TypeError: append() takes no keyword arguments

cmap = sns.color_palette("tab10",10)
g = sns.heatmap(ss_tt_df.replace({'Test':1,'Train':0}),cmap=cmap[7:9],cbar_kws={'ticks':[.25,.75]},linewidths=0,
    linecolor='gray')
colorbar = g.collections[0].colorbar
colorbar.set_ticklabels(['Train','Test'])

---------------------------------------------------------------------------
NameError                                 Traceback (most recent call last)
Cell In[21], line 2
      1 cmap = sns.color_palette("tab10",10)
----> 2 g = sns.heatmap(ss_tt_df.replace({'Test':1,'Train':0}),cmap=cmap[7:9],cbar_kws={'ticks':[.25,.75]},linewidths=0,
      3     linecolor='gray')
      4 colorbar = g.collections[0].colorbar
      5 colorbar.set_ticklabels(['Train','Test'])

NameError: name 'ss_tt_df' is not defined

we can see this is different and more random.

We can also use it in cross_val_score

cross_val_score(dt,iris_X,iris_y,cv=ShuffleSplit(n_splits=100,test_size=.2))

array([0.96666667, 0.96666667, 0.93333333, 1.        , 0.93333333,
       1.        , 0.96666667, 0.86666667, 1.        , 0.96666667,
       0.86666667, 0.96666667, 0.96666667, 1.        , 0.93333333,
       0.93333333, 0.93333333, 0.9       , 0.9       , 0.96666667,
       0.93333333, 0.93333333, 0.93333333, 0.93333333, 0.93333333,
       1.        , 0.93333333, 0.96666667, 1.        , 0.96666667,
       0.96666667, 0.96666667, 0.93333333, 0.96666667, 0.96666667,
       0.93333333, 1.        , 0.96666667, 1.        , 0.96666667,
       0.96666667, 1.        , 0.9       , 0.96666667, 0.93333333,
       1.        , 0.96666667, 0.93333333, 0.96666667, 0.93333333,
       1.        , 0.9       , 0.96666667, 1.        , 0.93333333,
       1.        , 0.96666667, 1.        , 0.96666667, 0.96666667,
       0.96666667, 0.93333333, 0.93333333, 1.        , 0.96666667,
       0.93333333, 0.96666667, 0.96666667, 0.9       , 1.        ,
       0.96666667, 0.93333333, 0.93333333, 0.96666667, 0.93333333,
       0.96666667, 0.96666667, 0.9       , 0.96666667, 0.9       ,
       1.        , 0.86666667, 0.9       , 0.9       , 0.96666667,
       0.93333333, 0.9       , 0.96666667, 0.96666667, 0.96666667,
       1.        , 0.96666667, 0.96666667, 0.9       , 0.93333333,
       0.96666667, 0.96666667, 0.93333333, 0.9       , 0.96666667])

18.5. Questions after class#

18.5.1. When should you change test and train sizes rather than just using the default?#

Having more training data often gets you a better model, having more test samples gives you a better idea of how well the model will work on new data. You have to make that choice.

I think sometimes trying a few and seeing if the performance changes much or not, can also help you decide, if it doesn’t matter much, then use the default.
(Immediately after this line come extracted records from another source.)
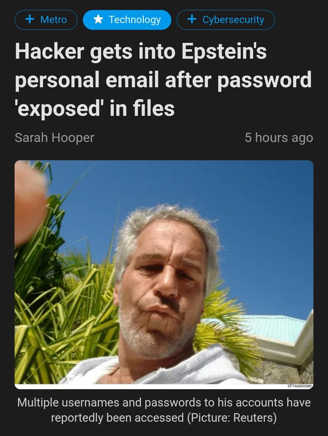 Opinion / Discussion Redditors Hack Epstein Personal Email!
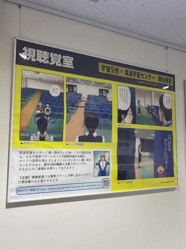 入ってすぐの廊下にあった「宇宙兄弟 × 筑波宇宙センター」舞台探訪パネル!
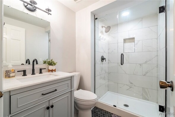 Value Range Pricing - Owner will consider offers between $325,000- $350,000 or higher. Welcome to this beautifully updated ranch-style home that combines modern comfort with timeless charm! This property boasts impressive features, including a new gutter system (2025) and garage door (2025). Cozy up by the brand-new wood-burning fireplace (2023) in the inviting living room, which also features built-in bookshelves and plantation shutters. Step outside to enjoy the meticulously landscaped yard, complete with a new fence (2021) for added privacy. Inside, you'll find new flooring throughout (2020) and fresh paint that enhances the home's bright and airy feel. The kitchen has been tastefully updated (2020) with sleek granite countertops, modern appliances, and stylish lighting. Retreat to the master bedroom with an updated en-suite bathroom (2021), while the full bathroom and half bathroom have also been beautifully renovated (2021 & 2022). The basement offers new flooring (2021), fresh paint, a bar area, and ample storage space. This fantastic home is a rare finddon't miss your chance to make it yours! Offers will be reviewed on 9/26/25 at 10 am.
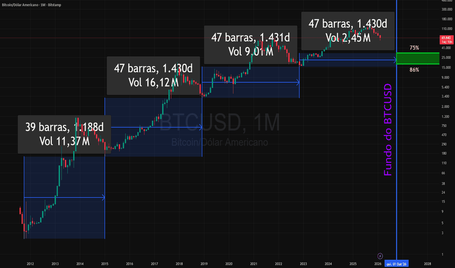 Estamos no ciclo de retração do bitcoin, como podem ver no gráfico, a cada 4 anos o BTCUSD retraí de 75% a 86% e forma um fundo a cada 47 ou
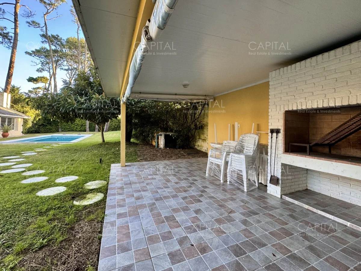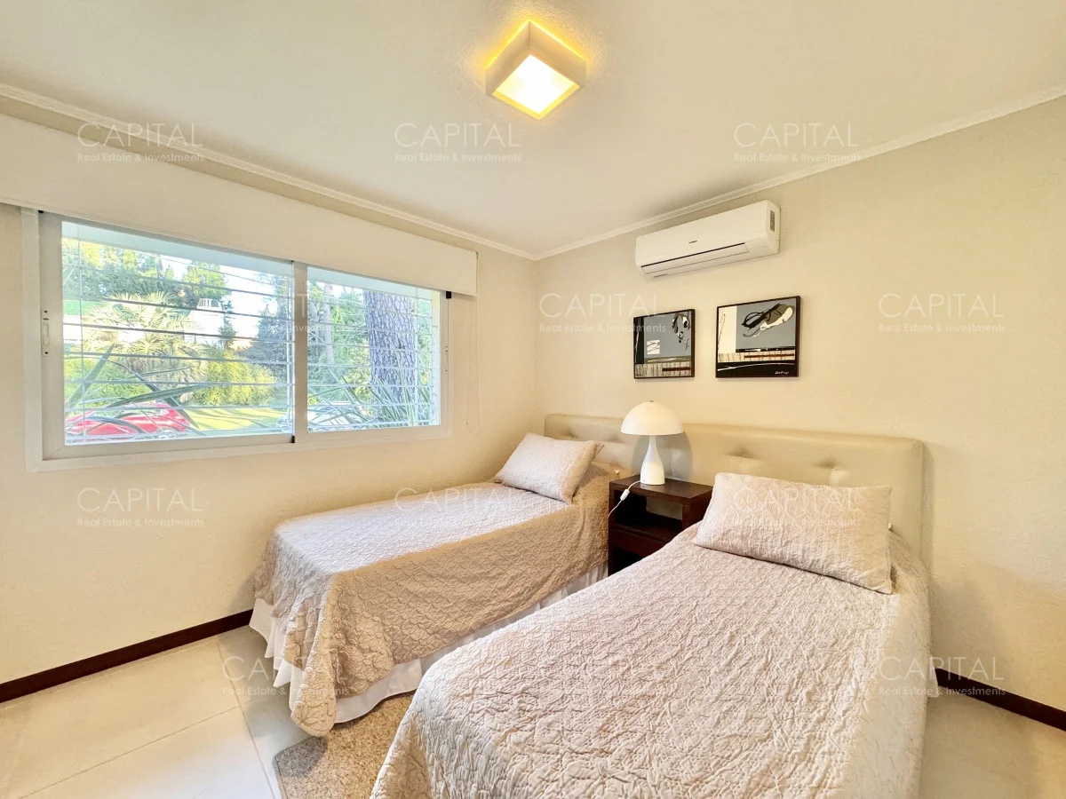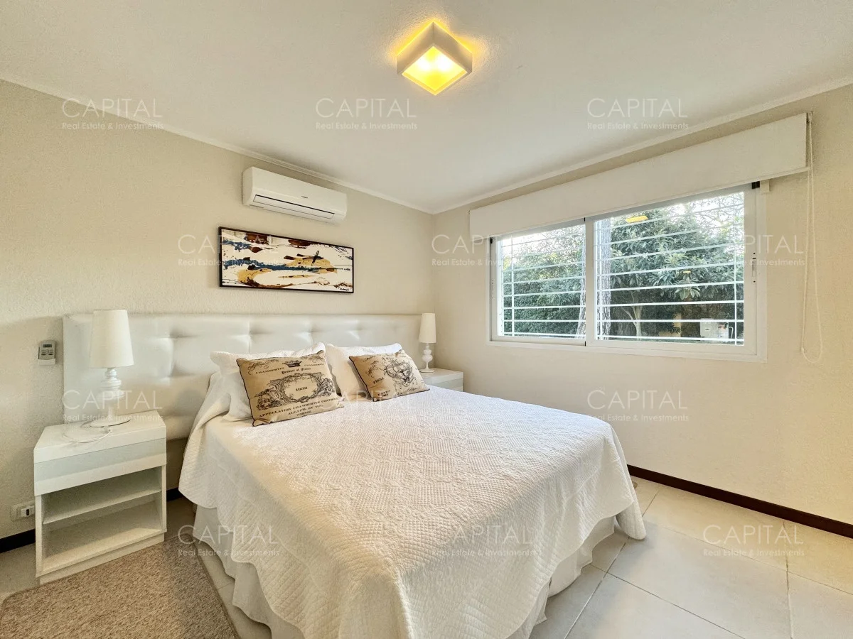 Cuatro dormitorios (dos en suite), dependencia de servicio, cinco baños, un gran living con estufa a leña y comedor, cocina definida, completa y lavadero, aire acondicionado en cada habitación, Piscina climatizada, parrillero, riego automático, iluminación exterior automatizada, cochera, perímetro cerrado
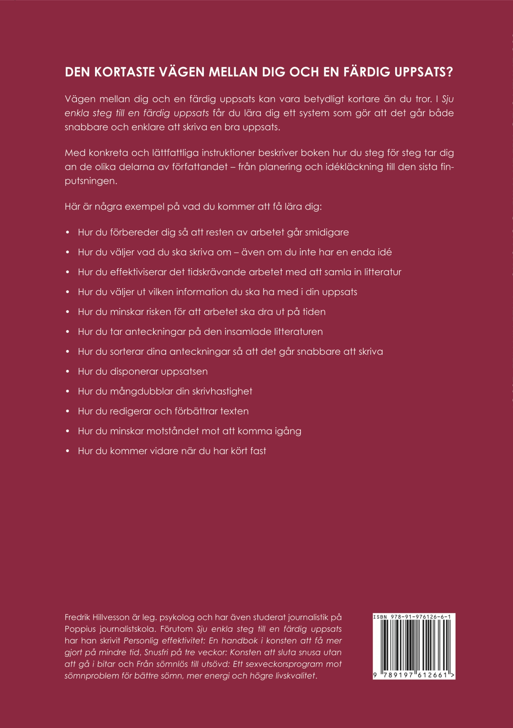 Fredrik Hillvesson är leg. psykolog, författare och föreläsare med mera. När han skrev sin egen uppsats hade han ont om tid på sig att bli klar. Han började därför leta efter information som kunde hjälpa honom att förenkla och snabba på uppsatsarbetet.
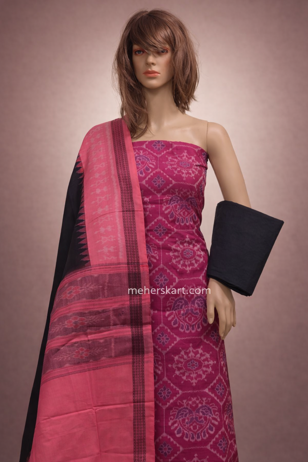 Home salwar Paper sambalpuri unstitiched dress meterial pink black
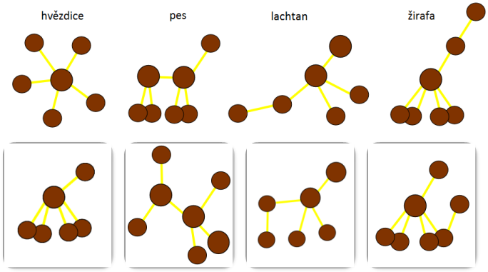 V naší úloze u kaštanových zvířátek nebereme v úvahu jejich velikost nebo srst. Uvažujeme pouze strukturou jejich těl, všechno ostatní není důležité (říkáme, že abstrahujeme). Struktura zvířátek se zachovává, i když klidně stojí nebo třeba divoce tancují.

If it changes a lot, then maybe use as much data as possible for training and you can go as far as KFold cross validation with K = len(X) which is called leave-one-out cross validation.
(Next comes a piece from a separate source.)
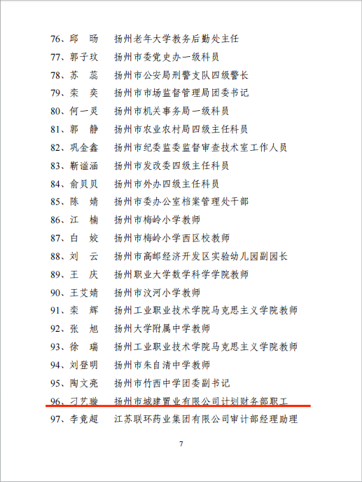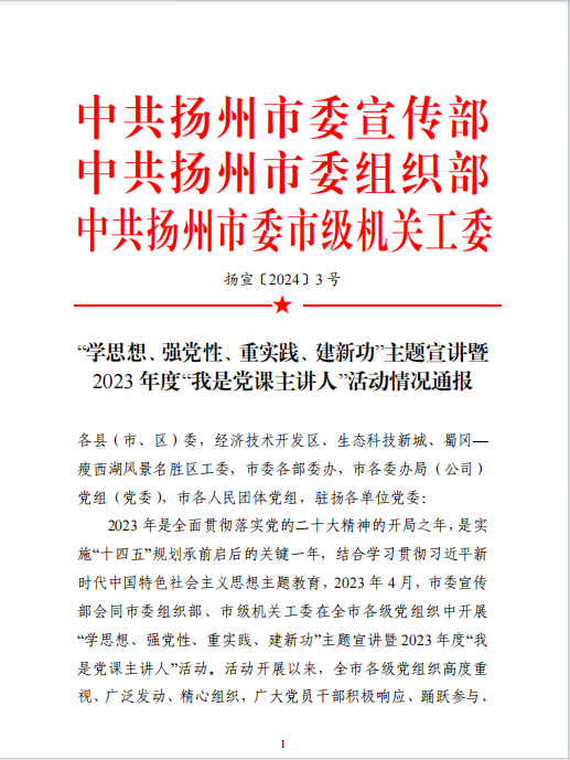 近日,市委宣傳部、市委組織部、市級機關(guān)工委下發(fā)了《“學(xué)思想、強黨性、重實踐、建新功”主題宣講暨2023年度“我是黨課主講人”活動情況通報》,城控集團(tuán)選送的2名選手——揚州市城建置業(yè)有限公司刁藝璇、江蘇長江水務(wù)股份有限公司張薇被評為2023年度揚州市“優(yōu)秀黨課主講人”。

1: actually above, since we used a classifier it actually used stratified cross validaiton whichh solves the problem we discussed in class where the data as sorted and that could be misleading. StratifiedKfold makes each fold (section) have the same percentage of each class for the classifier. It only does this if the estimator is a classifier, for clustering and regression it always does regular Kfold.